2007-02-01 Thread Stephanie Weirich

Here are some of my comments to Iavor's proposals:
 Notation for Schemes

 PROPOSAL: be liberal:

 allow empty quantifier lists

 allow variables that are not mentioned in the body of a type (but  
warn)


 allow predicates that do not mention quantified variables (but warn?)
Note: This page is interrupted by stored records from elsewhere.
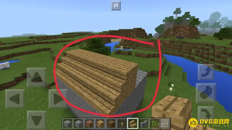 12、然后再把像木阶梯搭在像木木板上,这里屋顶的一半就已经搭建完毕。
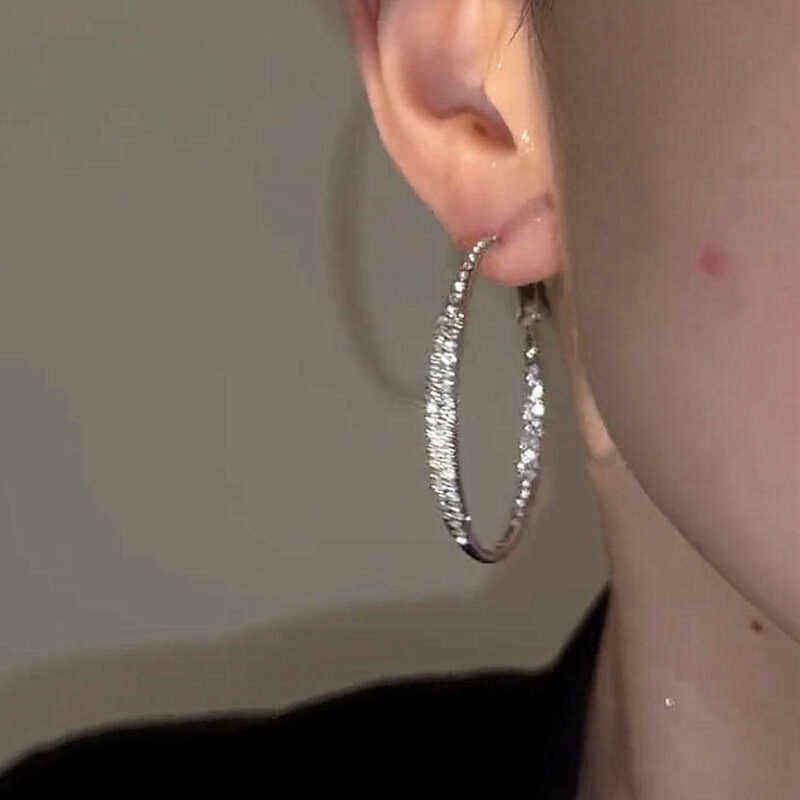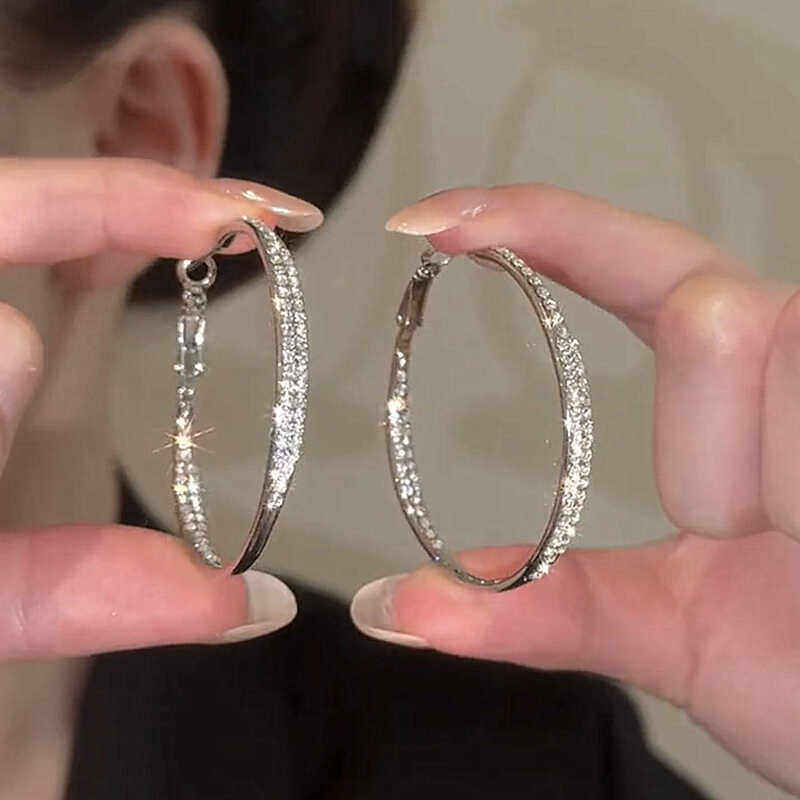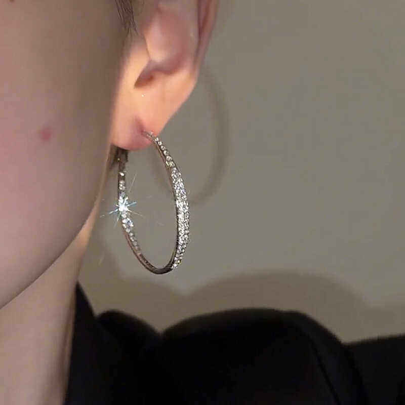 欧美风时尚爆款闪钻大耳圈气质圈圈耳环女高级感夸张银针耳饰
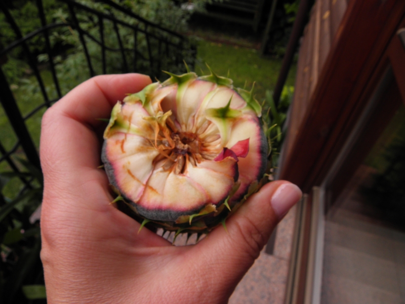Koloru jasnobrązowego, o jasnych odstających, ostrych łuskach, duże, wzniesione pionowo. Poszczególne łuski posiadają specyficzne wyrostki.
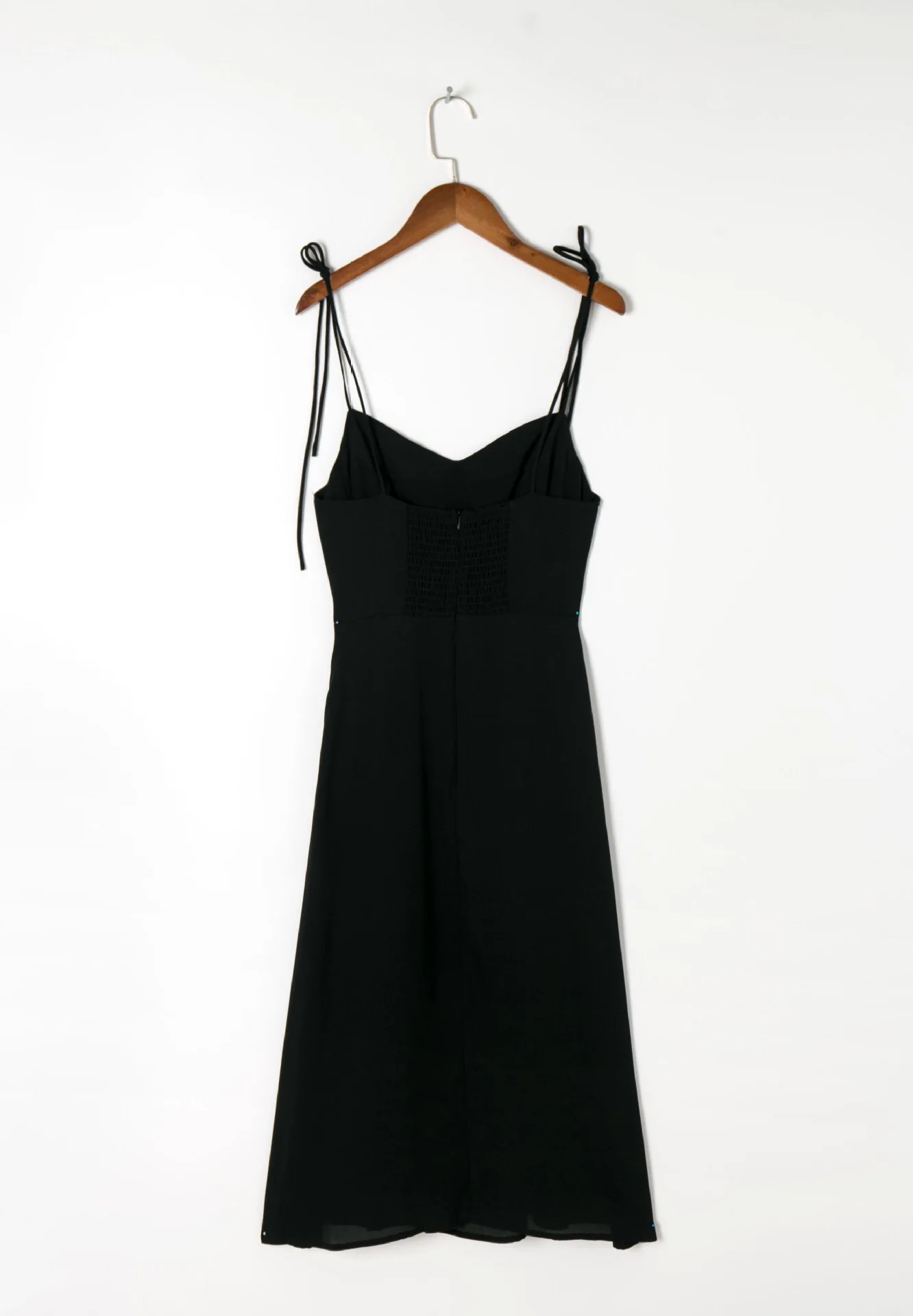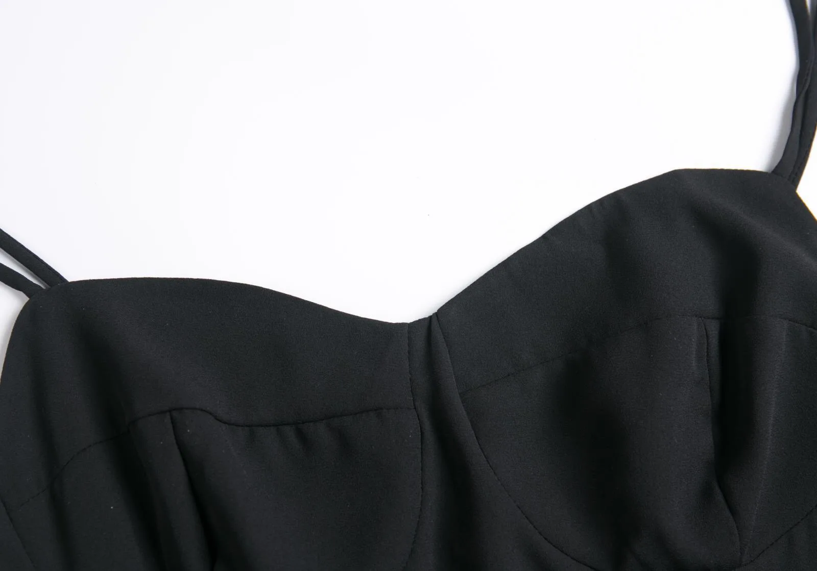 Платье женское на тонких бретелях, однотонное черное платье на завя...
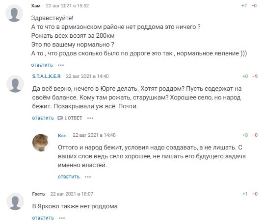 В соцсетях жители поселков считают, что на их проблемы давно не обращают внимания, а на жалобы тюменцев реагируют как на капризы. Пишут, что если бы оптимизация не прошлась по ним катком, то и деревни бы не умирали. Сейчас ИЖС снова популярно, но кто ж к ним поедет строиться, если даже рожать скоро будут с повитухами.
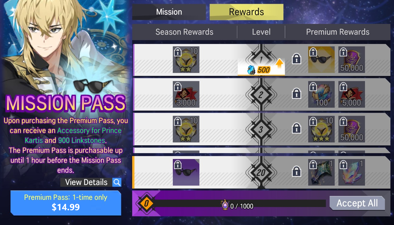 - Complete missions in the Prince Kartis Mission Pass and earn various rewards such as Accessories for Prince Kartis and Linkstones!
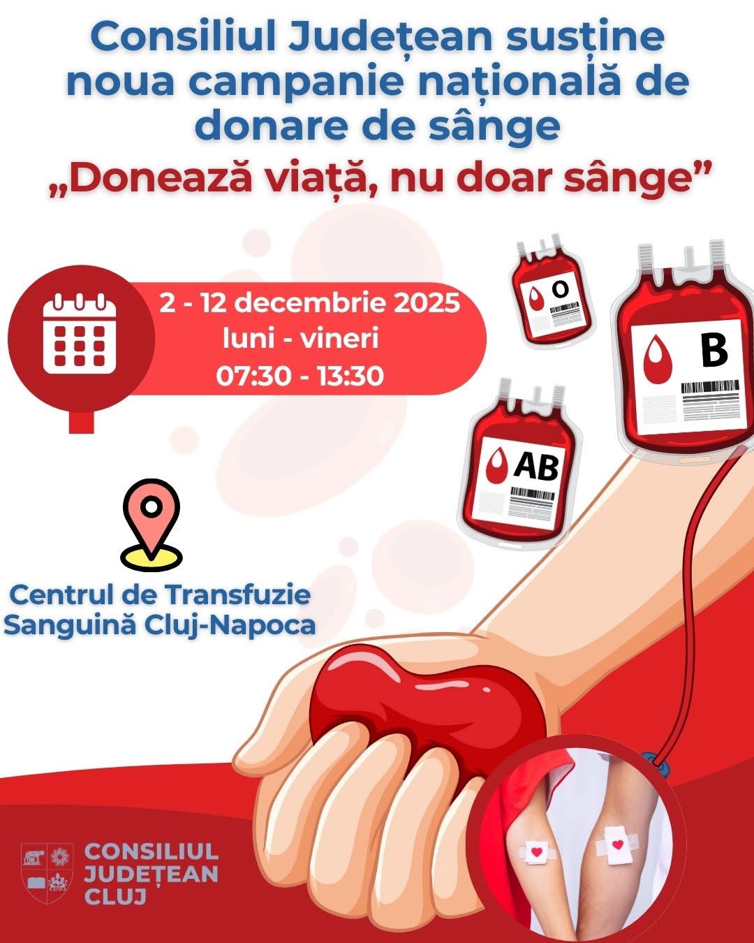 Acțiunile de donare de sânge continuă ➡️ până în data de 12 decembrie 2025 și au loc de luni până vineri, în intervalul orar 07:30 – 13:30, la ➡️ Centrul de Transfuzie Sanguină din Cluj-Napoca, situat pe strada Nicolae Bălcescu la nr. 18.
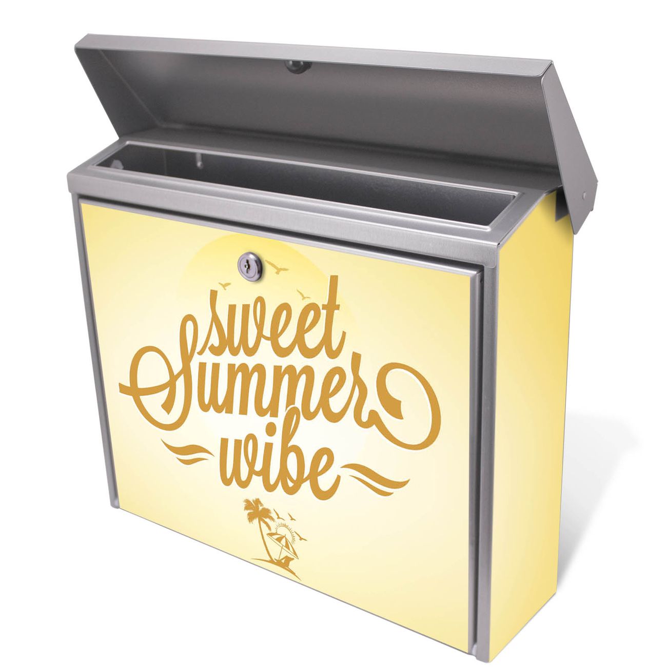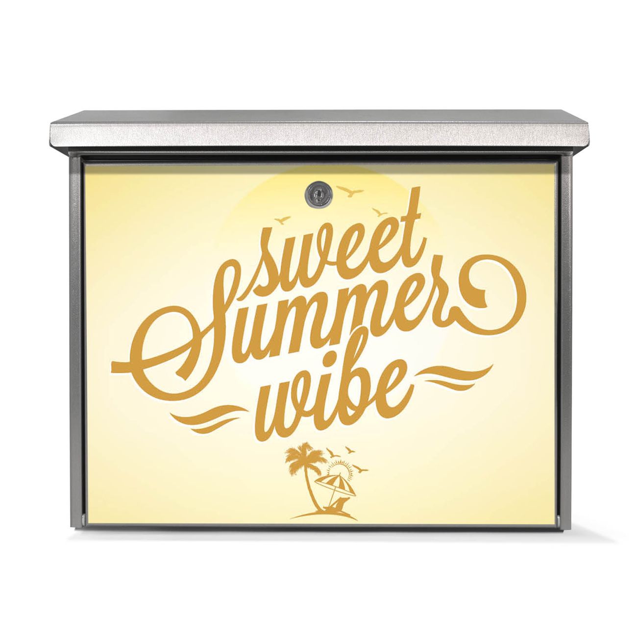 Der Postkasten mit Summer Wibe Motiv hat ein sehr ansprechendes und zeitloses Design. Unsere Motivpalette hält jede Menge Varianten bereit, ob klassisch, modern, verspielt oder witzig - für jeden haben wir das passende Motiv parat. Der Briefkasten ist das Aushängeschild Ihres Hauses.
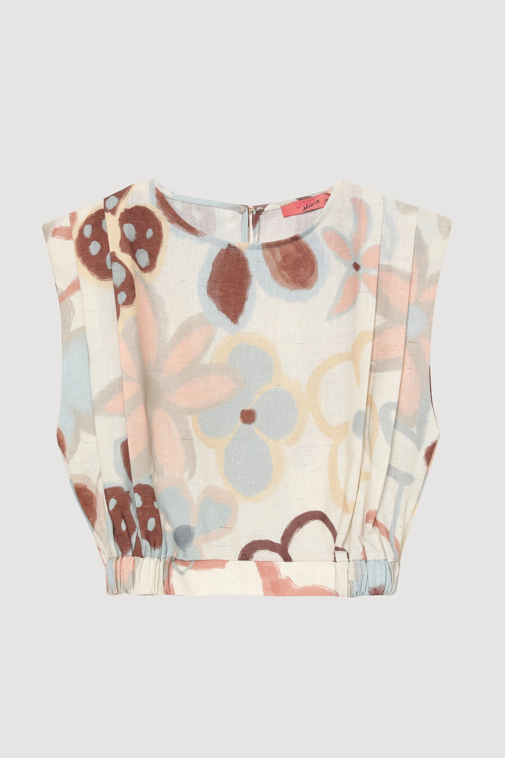 Renkli çiçek desenli, bisiklet yaka, vatkalı omuz detaylı, arkadan düğme kapamalı, omuzları pile detaylı, beli lastikli, astarsız, crop boy keten bluz.

For the reasons that others have expressed, I prefer that we not be  
liberal here. I think we should reject the first two cases. I'm  
ambivalent about the last one.


I don't think we want to allow types like:

forall . Int   or forall a b. Int

These types are mostly bugs. Furthermore, rejecting them doesn't  
limit expressiveness: they should both be equivalent to Int, so  
user could just write Int. I can't really think how allowing these  
types extends the expressiveness of the language, nor can I imagine a  
situation where someone would prefer seeing one of these types  
instead of Int. And in fact, given restrictions on higher-rank and  
impredicativity, Int would be a much better type to use. (This issue  
is *slightly* related to the one below. Perhaps different answers for  
that question may interact with this one.)


On the other hand, perhaps there is uses for types like  C a = a -  
a  where a is bound in some external context? The last issue doesn't  
seem very straightforward to me.




 Equivalence for type schemes

 PROPOSAL: Use syntactic equivalence modulo

 alpha renaming

 order/repetition of predicates (i.e. compare predicates as sets)

This proposal doesn't go as far as entailment---which would equate  
the types forall . Int and Int.


And also types that are not alpha-equivalent but differ only in the  
order of quantification:


i.e.

forall a b. (a,b) - a

=/=

forall b a. (a,b) - a

are *not* alpha equivalent, but it would be nice if they were  
semantically equivalent.


I guess at this point we need to hear from implementors about how  
difficult it would be to implement semantic entailment? Is there  
another point in the space between syntactic equivalence and full  
entailment?  (i.e. normalize types in some way and then compare them?)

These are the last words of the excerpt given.